Was also kann man tun gegen eine ungute Einmischung der Eltern? Inzwischen werden verschiedene Massnahmen umgesetzt. So müssen Eltern seit über zehn Jahren bundesweit im Kinderfussball – im Rahmen der sogenannten FairPlayLiga - einen Mindestabstand von 15 Metern zum Spielfeld einhalten, "weil eine räumliche Distanz womöglich auch die emotionale Betroffenheit der Eltern verringert", sagt Zeppenfeld. Positiver Effekt für die Kinder: "Sie nehmen den Einfluss der Eltern und den damit verbundenen Druck nicht so wahr."
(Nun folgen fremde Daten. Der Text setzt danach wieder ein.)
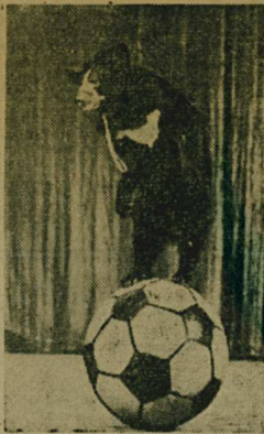
отпраздновал недавно свое семидесятилетие. В театре около трехсот зверей. И не только экзотические представители фауны — слоны, обезьяны, леопарды, карликовые бегемоты, морские лвы, кенгуру, лемуры, но и самые обыкновенные — козы, кошки, медведи, собаки, еноты.

Свято сохраняется в театре так называемая дуровская школа мягкой дрессировки, использующая главным образом вкусовые поощрения.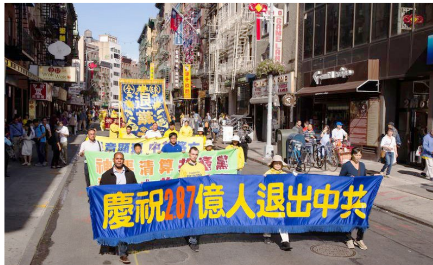
↑ 2017年10月22日，美国纽约曼哈顿游行，声援2.8亿人三退。

2017年大年过后，表哥表嫂来到我家，用U盘复制了法轮功的主要著作《转法轮》和其他法轮功书籍。表哥说：“想一想还是应该炼法轮功。回去会把法轮功的书全看了。我这个岁数，没有别的追求了，官场一切看透。我身体不好，有些病不是医院能治的，人的生命也不是自己想象的。法轮功值得研究，我要好好学一学。”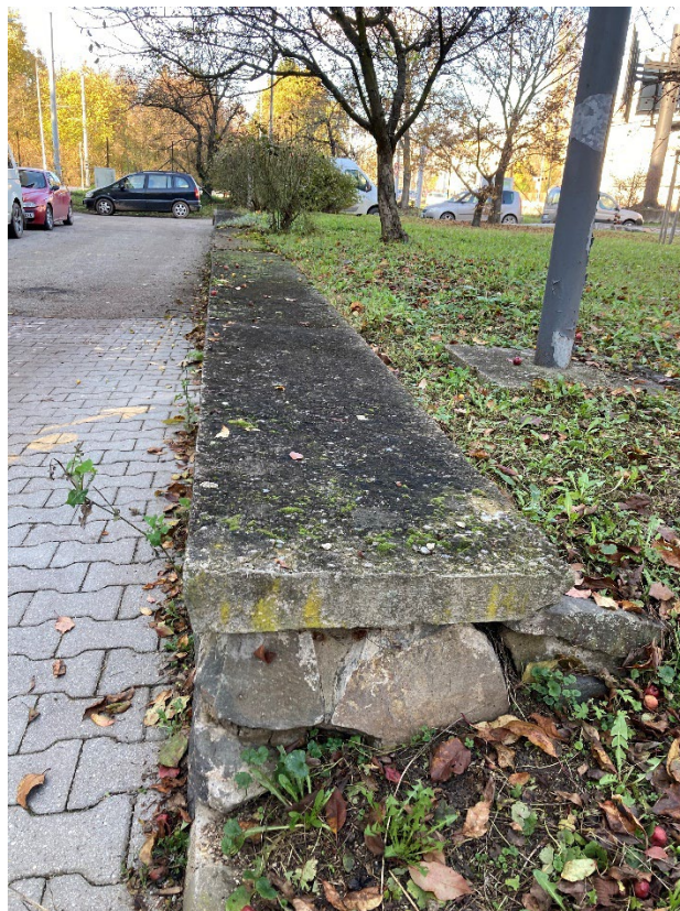
Obr. 3 – Pohled na část řešené kamenné zídky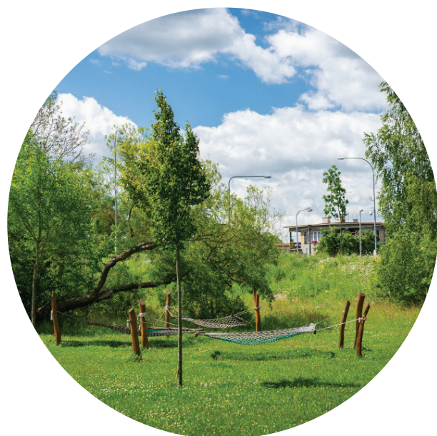
Městské krajinné zázemí s intenzivní rekreací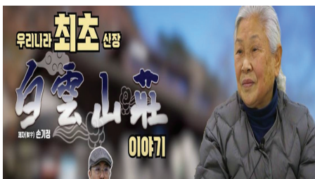
강북 마을탐험가 시리즈 (1920×1080 HD)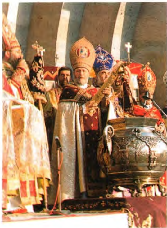
Святейший Патриарх и Католикос всех армян Гарегин II с дланью святого Григория просветителя

В посвященном мученичеству Апостола Фаддея и девы Сандухт свидетельстве «История Апостола Фаддея и девы Сандухт» говорится, что Апостол Петр «Коснувшееся Бога Копье как оружие дал Фаддею, чтобы оно было помощником Апостолу в его проповеди». А длань Григория-просветителя считается самой главной национально-церковной святыней и согласно утвердившемуся со средневековья восприятию, Армянский Первопрестол может находиться там, где находится длань просветителя, без которой не может проводиться освящение святого мира.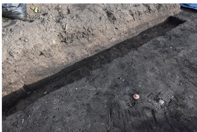
掘込地業 d サブトレンチ 18 断面 (北西から)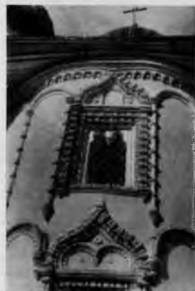
Благовещенская церковь в Каргополе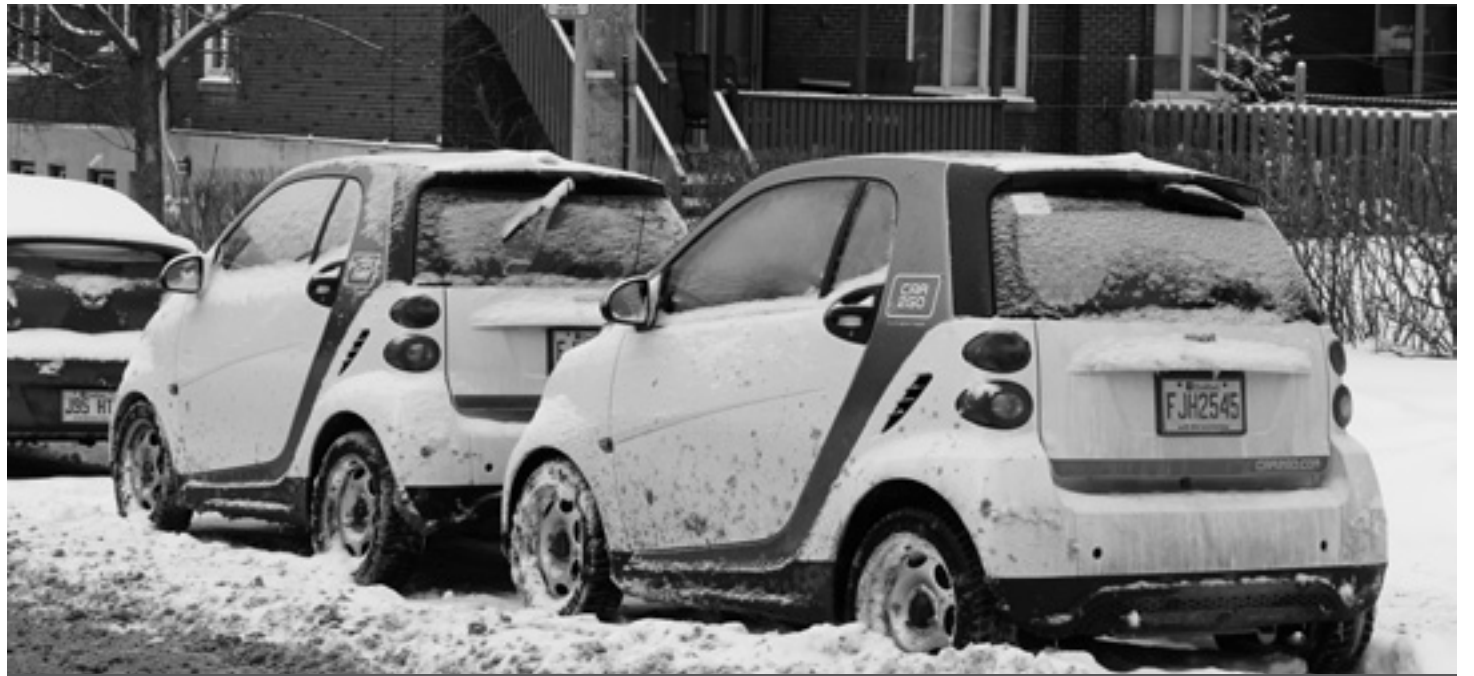
Les Car2Go prennent trop de place sur Hudson, se plaignent les riverains | Photo : Marie Cicchini

L'arrondissement a tenu une partie de ses promesses en leur accordant un permis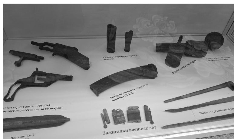
Экспонаты времен Великой Отечественной войны были найдены учениками школы в ходе экспедиций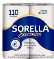
PAPEL TOALHA SORELLA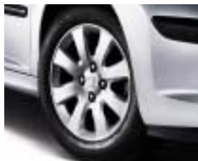
Ukrasni poklopac Perth 16"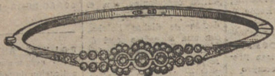
Núm. 1.—Pulsera tres brillantes y diamantes. Pesetas 450.

MONTURAS DE PLATINO FINO Y ORO DE LEY 18 QUILATES CONTRASTADO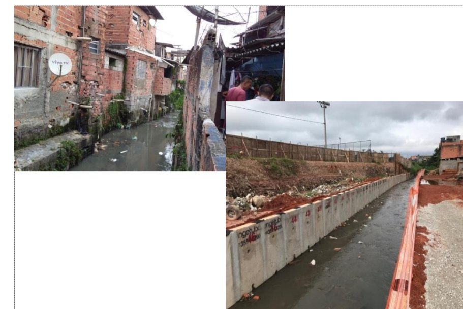
ENDEREÇO: CÔRREGO GUAICURI X AV. ANTONIO VIEIRA MARCONDES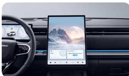
Écran central 14,8"

Dazu gibt es Fair-Play-Karten des DFB ("Fair bleiben, liebe Eltern"), mit Tipps auf der Rückseite für ein faires Verhalten abseits des Platzes. "Weil viele Eltern häufig gar nicht wahrnehmen, dass sie mit ihrem auffälligen, lauten, respektlosen Verhalten das Spiel der eigenen Kinder stören", so Zeppenfeld. Deshalb sind auch die Vereine noch mehr gefordert, auf die Vorbildfunktion der Eltern hinzuweisen und hinzuarbeiten.

Hilfreich sind offenbar auch die neuen Spielformen, die im Kinderfussball eingeführt wurden. Also weg vom Meisterschaftsmodus und nackten Ergebnissen, hin zu kleineren Teams und kleineren Spielfeldern sowie dem Fokus auf dem Spass am Spiel. "Es gab Rückmeldungen, dass sich das Verhalten der Eltern extrem harmonisiert habe. Es ist so viel mehr ein Miteinander geworden, dass es positive Auswirkungen auf die Eltern hatte", erzählt Zeppenfeld.

Elternbeauftragte in Nachwuchsleistungszentren

In den Nachwuchsleistungszentren haben auch die grösseren Klubs erkannt, dass ein Miteinander nötig ist, weil die Ansprüche und Erwartungen der Eltern im Übergang vom Breiten- zum Leistungssport noch einmal ganz andere sein können. Schliesslich sind bei diesen Klubs die Kinder untergebracht, die höhere Karriere-Ambitionen haben.

Der DFB hat deshalb in seinen Richtlinien festgelegt, dass jedes Nachwuchsleistungszentrum einen Elternbeauftragten einstellen muss. Begleitend dazu gibt es eine 40-seitige Broschüre, die die Sportpsychologinnen Valeria Eckardt und Babett Lobinger in Zusammenarbeit mit der DFL und dem DFB verfasst haben. "Gerade in leistungsorientierten Vereinen sind ehrgeizige Eltern manchmal sogar besonders wahrnehmbar", weiss Zeppenfeld. "Weshalb es grundsätzlich wichtig ist, die Eltern schon früh einzufangen, mitzunehmen und sogar einzubinden."

Auch in kleineren Vereinen könnte deshalb ein Elternbeauftragter eine Option sein, um mögliche Konflikte zu lösen. Lothar Matthäus wird das aber wahrscheinlich nicht mehr zu einem Comeback bewegen.

Über den Gesprächspartner

  • Oliver Zeppenfeld ist seit über 20 Jahren im Kinder- und Jugendfussball tätig. Aktuell ist er Abteilungsleiter Beratung & Entwicklung beim Fussball-Verband Mittelrhein.